## [PROVIDED MATERIAL]
☆ ☆ ☆ ☆

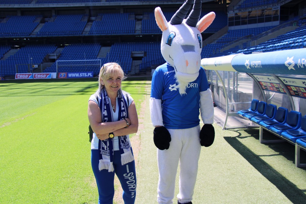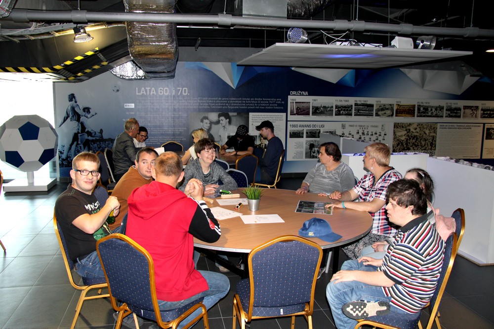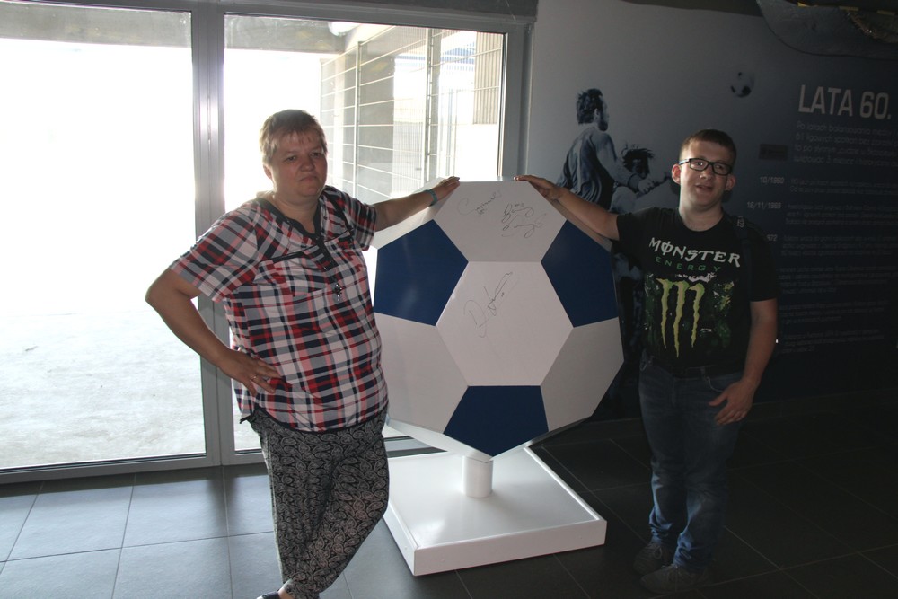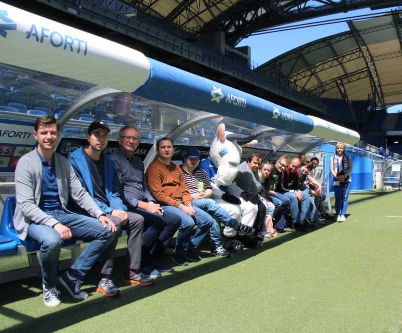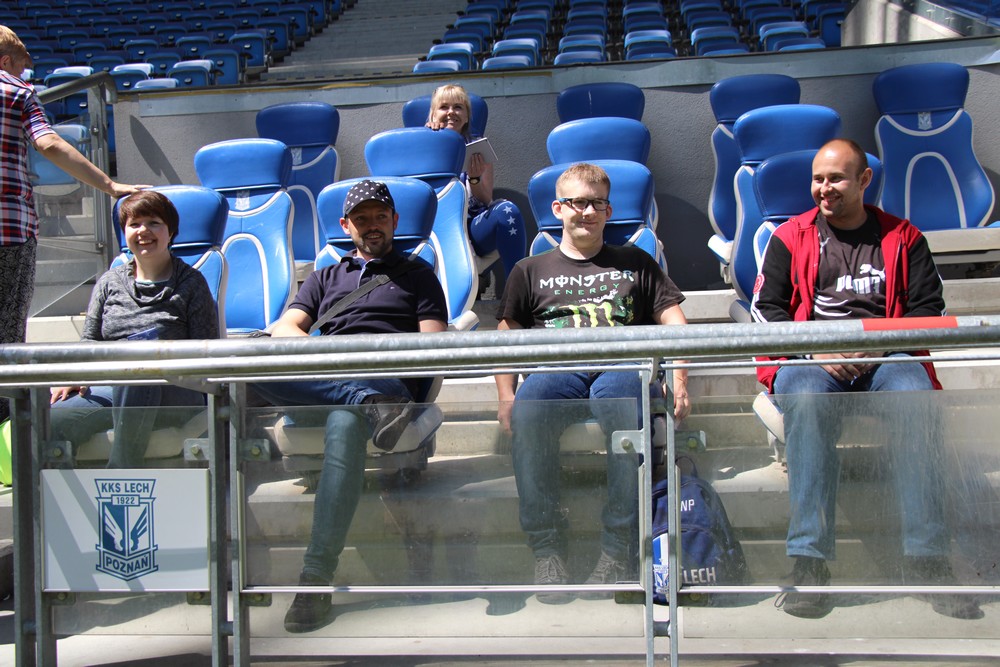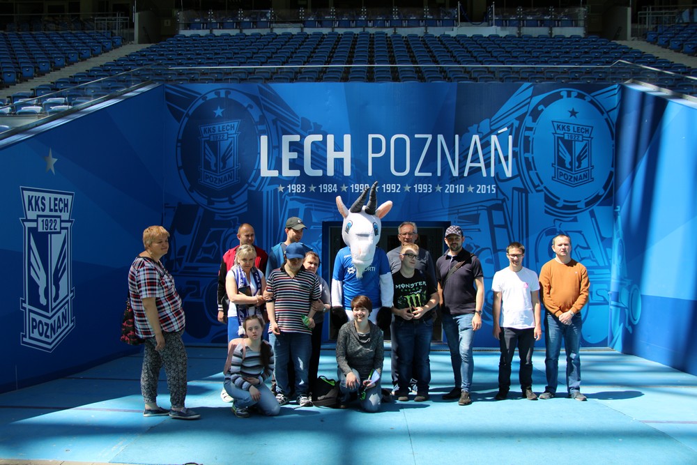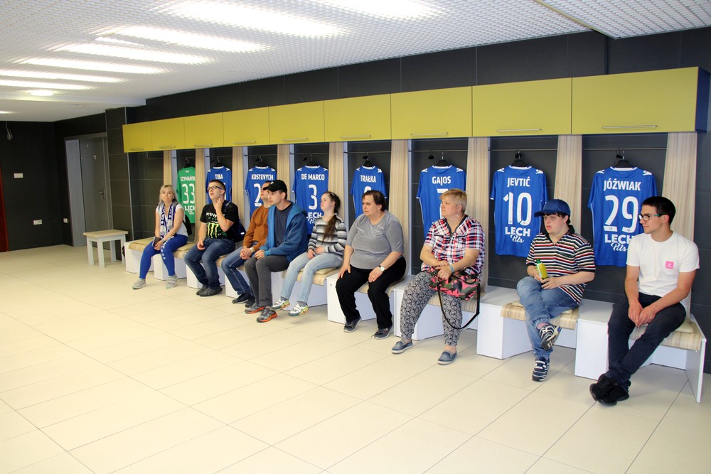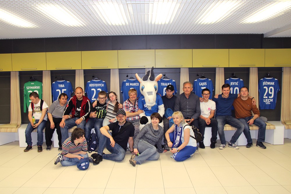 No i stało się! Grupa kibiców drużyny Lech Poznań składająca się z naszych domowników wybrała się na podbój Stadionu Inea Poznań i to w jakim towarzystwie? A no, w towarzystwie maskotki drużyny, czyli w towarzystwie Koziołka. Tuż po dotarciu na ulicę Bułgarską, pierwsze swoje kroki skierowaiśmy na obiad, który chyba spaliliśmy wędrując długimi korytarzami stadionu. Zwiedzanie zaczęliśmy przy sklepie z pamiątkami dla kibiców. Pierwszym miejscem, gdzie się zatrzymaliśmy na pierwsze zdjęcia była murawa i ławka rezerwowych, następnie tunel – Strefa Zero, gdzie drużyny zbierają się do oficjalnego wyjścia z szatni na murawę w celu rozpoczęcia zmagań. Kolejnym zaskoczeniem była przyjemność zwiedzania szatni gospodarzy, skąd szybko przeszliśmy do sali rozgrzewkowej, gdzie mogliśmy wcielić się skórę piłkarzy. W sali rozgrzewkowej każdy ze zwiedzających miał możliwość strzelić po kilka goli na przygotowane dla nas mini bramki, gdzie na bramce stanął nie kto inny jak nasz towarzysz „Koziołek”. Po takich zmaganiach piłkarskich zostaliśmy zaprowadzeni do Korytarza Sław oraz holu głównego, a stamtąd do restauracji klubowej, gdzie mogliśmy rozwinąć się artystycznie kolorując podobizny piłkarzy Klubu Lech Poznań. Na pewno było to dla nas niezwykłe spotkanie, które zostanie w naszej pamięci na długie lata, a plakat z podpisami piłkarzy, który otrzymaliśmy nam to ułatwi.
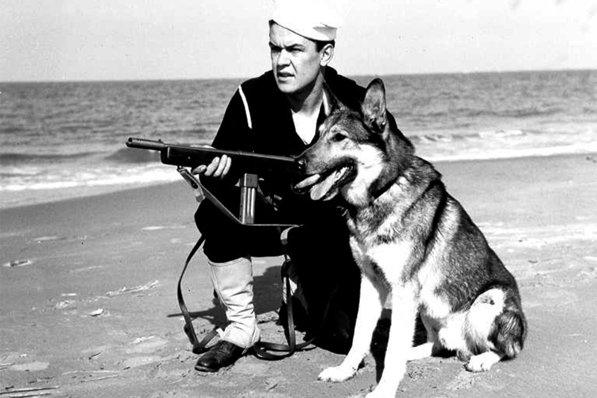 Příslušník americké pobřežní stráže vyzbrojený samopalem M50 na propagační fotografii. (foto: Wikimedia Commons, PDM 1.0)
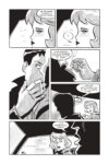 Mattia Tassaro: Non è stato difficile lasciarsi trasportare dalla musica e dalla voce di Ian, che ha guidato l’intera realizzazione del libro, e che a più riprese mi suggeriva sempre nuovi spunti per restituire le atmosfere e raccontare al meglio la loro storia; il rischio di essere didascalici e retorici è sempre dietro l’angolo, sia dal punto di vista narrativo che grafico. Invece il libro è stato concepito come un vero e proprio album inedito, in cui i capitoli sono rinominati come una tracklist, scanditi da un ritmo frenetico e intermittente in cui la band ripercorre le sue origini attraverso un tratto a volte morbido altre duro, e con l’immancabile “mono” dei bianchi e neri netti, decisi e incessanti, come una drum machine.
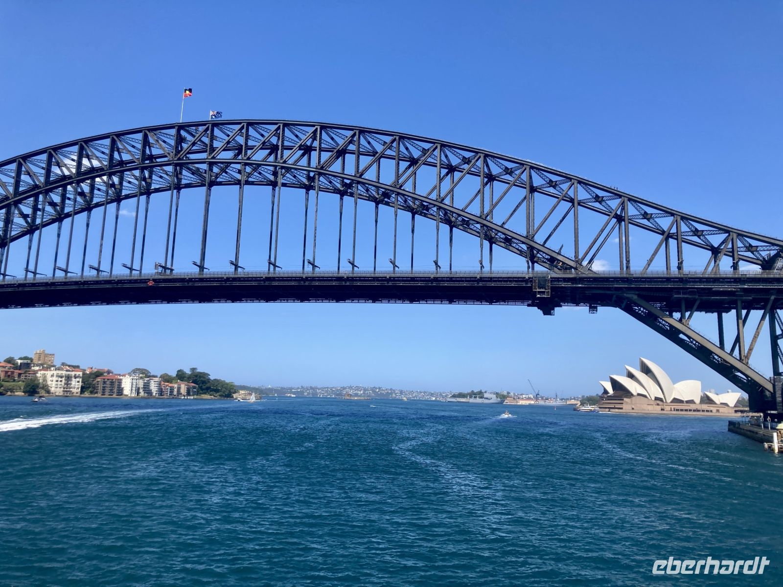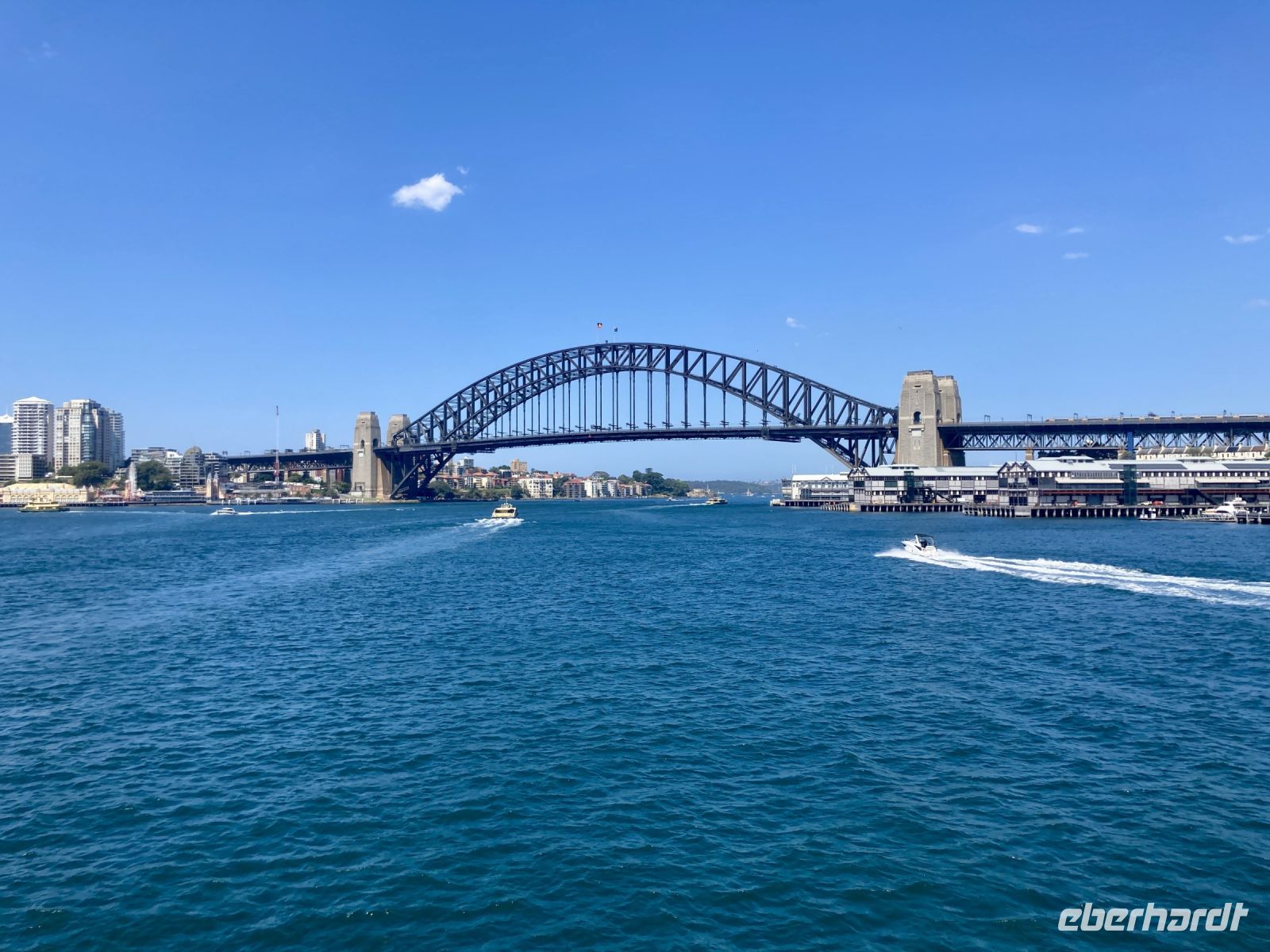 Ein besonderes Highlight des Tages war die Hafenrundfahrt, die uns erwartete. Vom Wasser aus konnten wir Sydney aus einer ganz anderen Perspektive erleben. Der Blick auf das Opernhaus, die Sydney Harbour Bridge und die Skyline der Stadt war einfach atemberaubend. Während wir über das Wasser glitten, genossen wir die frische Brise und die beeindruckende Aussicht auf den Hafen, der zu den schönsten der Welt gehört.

☆ ☆ ☆ ☆

## [TASK STATEMENT]
The reply has to reproduce every line above verbatim and contain no pictures.

## [SOLUTION TO THIS TASK]
 No i stało się! Grupa kibiców drużyny Lech Poznań składająca się z naszych domowników wybrała się na podbój Stadionu Inea Poznań i to w jakim towarzystwie? A no, w towarzystwie maskotki drużyny, czyli w towarzystwie Koziołka. Tuż po dotarciu na ulicę Bułgarską, pierwsze swoje kroki skierowaiśmy na obiad, który chyba spaliliśmy wędrując długimi korytarzami stadionu. Zwiedzanie zaczęliśmy przy sklepie z pamiątkami dla kibiców. Pierwszym miejscem, gdzie się zatrzymaliśmy na pierwsze zdjęcia była murawa i ławka rezerwowych, następnie tunel – Strefa Zero, gdzie drużyny zbierają się do oficjalnego wyjścia z szatni na murawę w celu rozpoczęcia zmagań. Kolejnym zaskoczeniem była przyjemność zwiedzania szatni gospodarzy, skąd szybko przeszliśmy do sali rozgrzewkowej, gdzie mogliśmy wcielić się skórę piłkarzy. W sali rozgrzewkowej każdy ze zwiedzających miał możliwość strzelić po kilka goli na przygotowane dla nas mini bramki, gdzie na bramce stanął nie kto inny jak nasz towarzysz „Koziołek”. Po takich zmaganiach piłkarskich zostaliśmy zaprowadzeni do Korytarza Sław oraz holu głównego, a stamtąd do restauracji klubowej, gdzie mogliśmy rozwinąć się artystycznie kolorując podobizny piłkarzy Klubu Lech Poznań. Na pewno było to dla nas niezwykłe spotkanie, które zostanie w naszej pamięci na długie lata, a plakat z podpisami piłkarzy, który otrzymaliśmy nam to ułatwi.
 Příslušník americké pobřežní stráže vyzbrojený samopalem M50 na propagační fotografii. (foto: Wikimedia Commons, PDM 1.0)
 Mattia Tassaro: Non è stato difficile lasciarsi trasportare dalla musica e dalla voce di Ian, che ha guidato l’intera realizzazione del libro, e che a più riprese mi suggeriva sempre nuovi spunti per restituire le atmosfere e raccontare al meglio la loro storia; il rischio di essere didascalici e retorici è sempre dietro l’angolo, sia dal punto di vista narrativo che grafico. Invece il libro è stato concepito come un vero e proprio album inedito, in cui i capitoli sono rinominati come una tracklist, scanditi da un ritmo frenetico e intermittente in cui la band ripercorre le sue origini attraverso un tratto a volte morbido altre duro, e con l’immancabile “mono” dei bianchi e neri netti, decisi e incessanti, come una drum machine.
 Ein besonderes Highlight des Tages war die Hafenrundfahrt, die uns erwartete. Vom Wasser aus konnten wir Sydney aus einer ganz anderen Perspektive erleben. Der Blick auf das Opernhaus, die Sydney Harbour Bridge und die Skyline der Stadt war einfach atemberaubend. Während wir über das Wasser glitten, genossen wir die frische Brise und die beeindruckende Aussicht auf den Hafen, der zu den schönsten der Welt gehört.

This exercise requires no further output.